Microbial communities in the intestine — also known as the gut microbiome — are vital for human digestion, metabolism and resistance to colonization by pathogens. The gut microbiome composition in infants and toddlers changes extensively in the first three years of life. But where do those microbes come from in the first place?
Scientists have long been able to analyze the gut microbiome at the level of the 500 to 1,000 different bacterial species that mainly have a beneficial influence; only more recently have they been able to identify individual strains within a single species using powerful genomic tools and supercomputers that analyze massive amounts of genetic data.
Researchers at the University of Alabama at Birmingham now have used their microbiome “fingerprint” method to report that an individualized mosaic of microbial strains is transmitted to the infant gut microbiome from a mother giving birth through vaginal delivery. They detailed this transmission by analyzing existing metagenomic databases of fecal samples from mother-infant pairs, as well as analyzing mouse dam and pup transmission in a germ-free, or gnotobiotic, mouse model at UAB, where the dams were inoculated with human fecal microbes.
“The results of our analysis demonstrate that multiple strains of maternal microbes — some that are not abundant in the maternal fecal community — can be transmitted during birth to establish a diverse infant gut microbial community,” said Casey Morrow, Ph.D., professor emeritus in UAB’s Department of Cell, Developmental and Integrative Biology. “Our analysis provides new insights into the origin of microbial strains in the complex infant microbial community.”
The study used a strain-tracking bioinformatics tool previously developed at UAB, called Window-based Single-nucleotide-variant Similarity, or WSS. Hyunmin Koo, Ph.D., UAB Department of Genetics and Genomics Core, led the informatics analysis. The gnotobiotic mouse model studies were led by Braden McFarland, Ph.D., assistant professor in the UAB Department of Cell, Developmental and Integrative Biology.
2017, they found that fecal donor microbes — used to treat patients with recurrent Clostridium difficile infections — remained in recipients for months or years after fecal transplants. In 2018, they showed that changes in the upper gastrointestinal tract through obesity surgery led to the emergence of new strains of microbes. In 2019, they analyzed the stability of new strains in individuals after antibiotic treatments, and earlier this year, they found that adult twins, ages 36 to 80 years old, shared a certain strain or strains between each pair for periods of years, and even decades, after they began living apart from each other.
Morrow and colleagues have used this microbe fingerprint tool in several previous strain-tracking studies. InIn the current study, several individual-specific patterns of microbial strain-sharing were found between mothers and infants. Three mother-infant pairs showed only related strains, while a dozen other infants of mother-infant pairs contained a mosaic of maternal-related and unrelated microbes. It could be that the unrelated strains came from the mother, but they had not been the dominant strain of that species in the mother, and so had not been detected.
Indeed, in a second study using a dataset from nine women taken at different times in their pregnancies showed that strain variations in individual species occurred in seven of the women.

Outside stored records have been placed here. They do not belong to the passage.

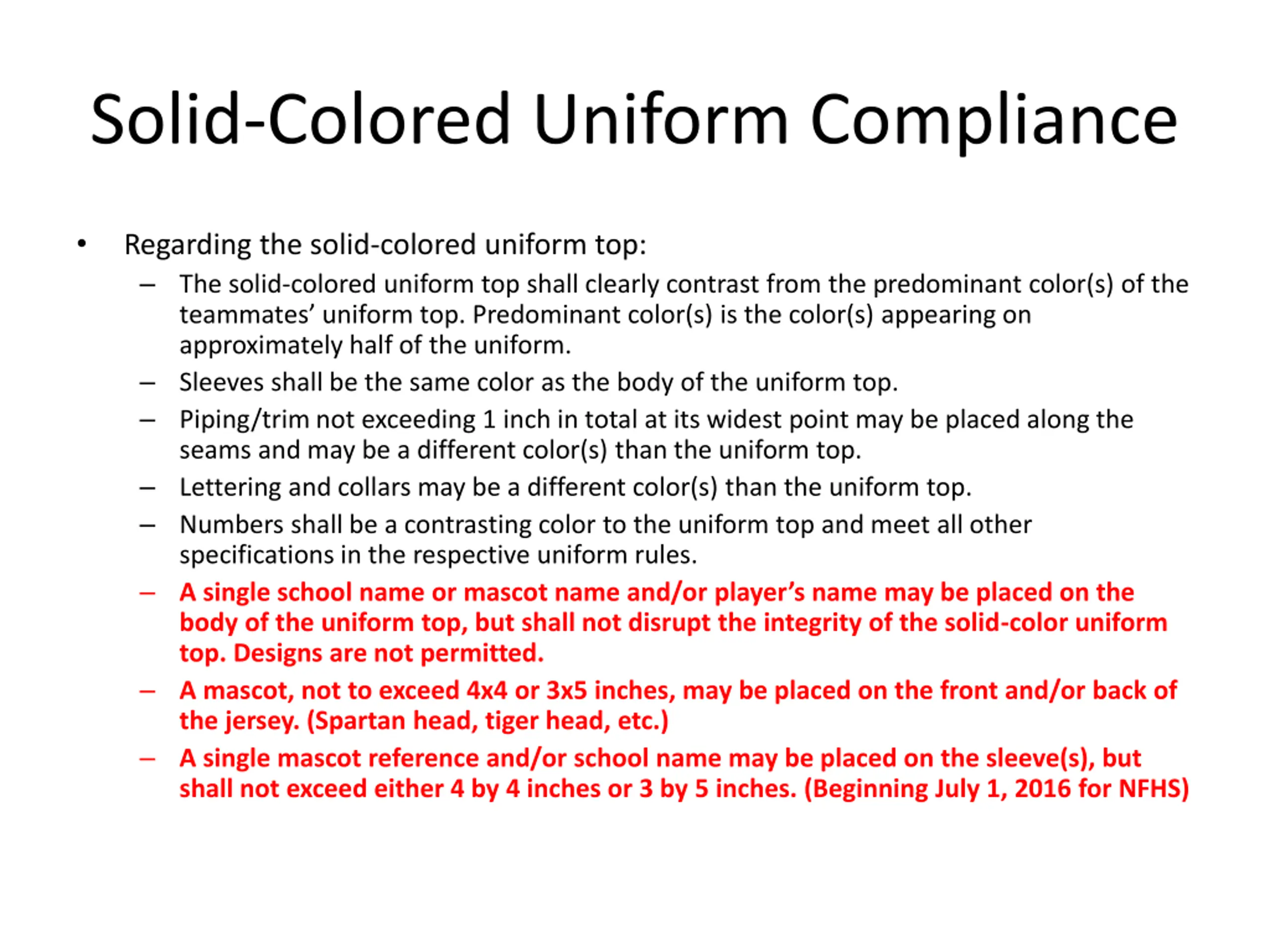 Solid-Colored Uniform Compliance Regarding the solid-colored uniform top: The solid-colored uniform top shall clearly contrast from the predominant color(s) of the teammates uniform top. Predominant color(s) is the color(s) appearing on approximately half of the uniform. Sleeves shall be the same color as the body of the uniform top. Piping/trim not exceeding 1 inch in total at its widest point may be placed along the seams and may be a different color(s) than the uniform top. Lettering and collars may be a different color(s) than the uniform top. Numbers shall be a contrasting color to the uniform top and meet all other specifications in the respective uniform rules. A single school name or mascot name and/or player s name may be placed on the body of the uniform top, but shall not disrupt the integrity of the solid-color uniform top. Designs are not permitted. A mascot, not to exceed 4x4 or 3x5 inches, may be placed on the front and/or back of the jersey. (Spartan head, tiger head, etc.) A single mascot reference and/or school name may be placed on the sleeve(s), but shall not exceed either 4 by 4 inches or 3 by 5 inches. (Beginning July 1, 2016 for NFHS)
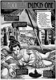 ![]() The opening panel of the comic adaptation of The Pool of the Black One by Roy Thomas featuring the art of John Buscema and Sonny Trinidad. The original short story was written by Robert E. Howard and first appeared in a 1933 issue of Weird Tales magazine. | |||
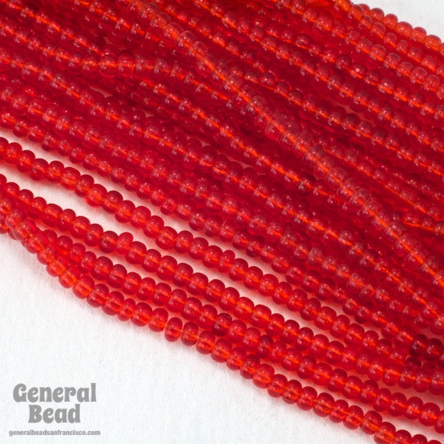 Size 10 transparent ruby seed bead.
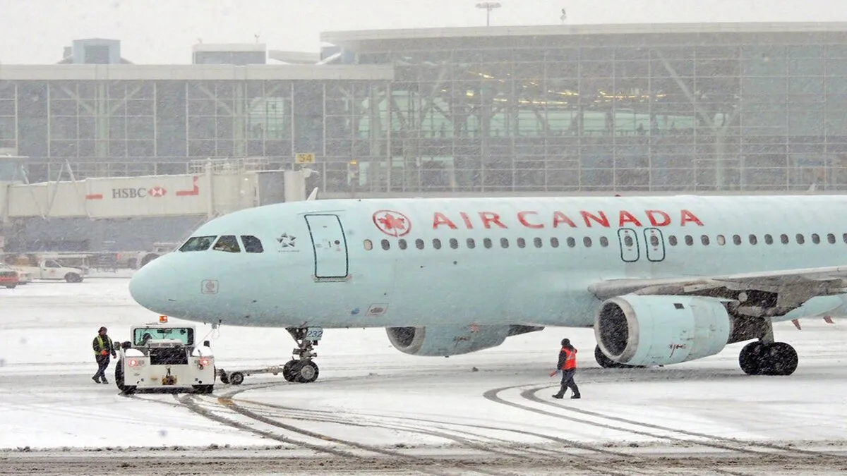 (ویدئو) تیک‌آف هواپیما در یک روز برفی

To further define the source of the unrelated strains, a mouse model was used to look at transmission from dam to pup in the absence of environmental microbes. Five different females were given transplants of different human fecal matter to create five unique humanized-microbiome mice, which were bred with gnotobiotic males. The researchers then analyzed the strains found in the human donors, the mouse dams and their mouse pups. They found four different patterns: 1) The pup’s strain of a particular species was related to the dam’s strain; 2) The pup’s strain was related to both the dam’s strain and the human donor’s strain; 3) The pup’s strain was related to the human donor’s strain, but not to the dam’s strain; and, importantly, 4) No related strains for a particular species were found between the pup, the dam and the human donor. Since these animals were bred and raised in germ-free conditions, the unrelated strains in the pups came from minor, undetected strains in the dams.
“The results of our studies support a reconsideration of the contribution of different maternal microbes to the infant enteric microbial community,” Morrow said. “The constellation of microbial strains that we detected in the infants inherited from the mother was different in each mother-infant pair. Given the recognized role of the microbiome in metabolic diseases such as obesity and type 2 diabetes, the results of our study could help to further explain the susceptibility of the infant to metabolic disease found in the mother.”
Co-authors with Koo, McFarland and Morrow in the study, “An individualized mosaic of maternal microbial strains is transmitted to the infant gut microbial community,” published in Royal Society Open Science, are Joseph A. Hakim, UAB School of Medicine; David K. Crossman and Michael R. Crowley, UAB Department of Genetics; J. Martin Rodriguez, UAB Department of Medicine, Division of Infectious Diseases; and Etty N. Benveniste, UAB Department of Cell, Developmental and Integrative Biology.
Support came from the University of Alabama School of Medicine, National Institutes of Health grants CA194414 and NS116559, a UAB Neuro-Oncology Support Fund award, and an American Cancer Society Institutional Research Grant through the O’Neal Comprehensive Cancer Center at UAB.